Eva benar-benar sangat cantik, hari ini wajahnya tak sepucat biasanya.
"Gue harus rapihin bekas tidur dulu," kata Eva.
Setelah menyelesaikan sarapan kesiangannya itu, Galang hanya menganggukan kepalanya saja.
"Hmmmhh, gue bantu," kini Eva dan Galang langsung melipat selimut dan kasur.
Sesekali mata keduanya saling mencuri pandang satu sama lain, "Lo baru pertama kali kesiangan ya?" Eva menganggukan kepalanya.
"Kalo gitu sering-sering nginep di rumah gue," sambung Galang menggoda Eva.
Eva hanya tersenyum saja, ia tak mampu menjawab pertanyaan Galang yang menggodanya seperti itu.
"Kata Bunda, lilinnya wangi. Bunda juga suka," Galang kembali berbicara.
Eva hanya menatap wajah Galang, "Thank you," ucap Eva.
Galang menarik sudut bibirnya lagi, Eva memang selalu menjawab singkat jika digoda ataupun diberi pertanyaan.
Tak banyak kata yang keluar dari mulut Eva, seolah bibir itu tak pernah berbicara dengan siapapun.
"Oh ya, lo berangkat naik motor gue? Keberatan enggak?"
Eva melihat seragam sekolahnya, kemudian menatap Galang.
"Nggak usah khawatir, gue pinjemin jacket," Eva menganggukan kepalanya setuju.
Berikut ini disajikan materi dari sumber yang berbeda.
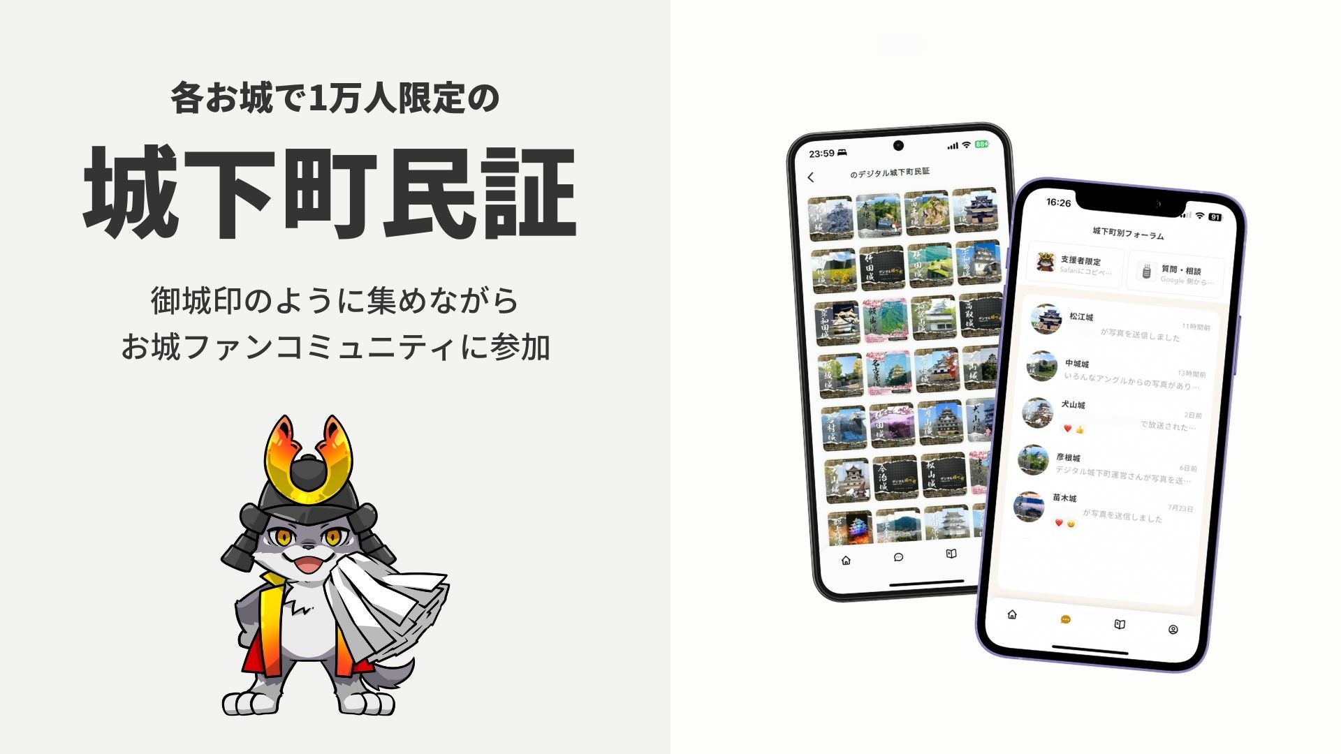 「デジタル城下町プロジェクト」は、株式会社バケットが株式会社電算システム等と連携して展開するWeb3型地域創生プロジェクトの総称です。具体的には、全国の城郭を持つ自治体等と連携し、各お城で限定1万枚の「デジタル城下町民証」を発行。お城ファンを中心とする最大1万人に城下町民証を配布し、専用SNSアプリ「デジタル城下町」でオンラインコミュニティを形成します。

Lagi pula lebih cepat menaiki motor di banding mobil, kini Eva memakai sepatunya begitupun dengan Galang.
"Pegang yang kenceng Va, geu bakalan ngebut," teriak Galang.
Tangan Eva malah bergetar, Galang langsung saja membalikan tubuhnya.
"Oke deh, gue nggak ngebut kalo gitu, pegangan tapi ya," Galang menarik tangan Eva untuk memeluk pinggangnya.
Tangan Eva masih sedikit bergetar karena ini pertama kalinya ia memeluk seseorang.
***
Bersambung.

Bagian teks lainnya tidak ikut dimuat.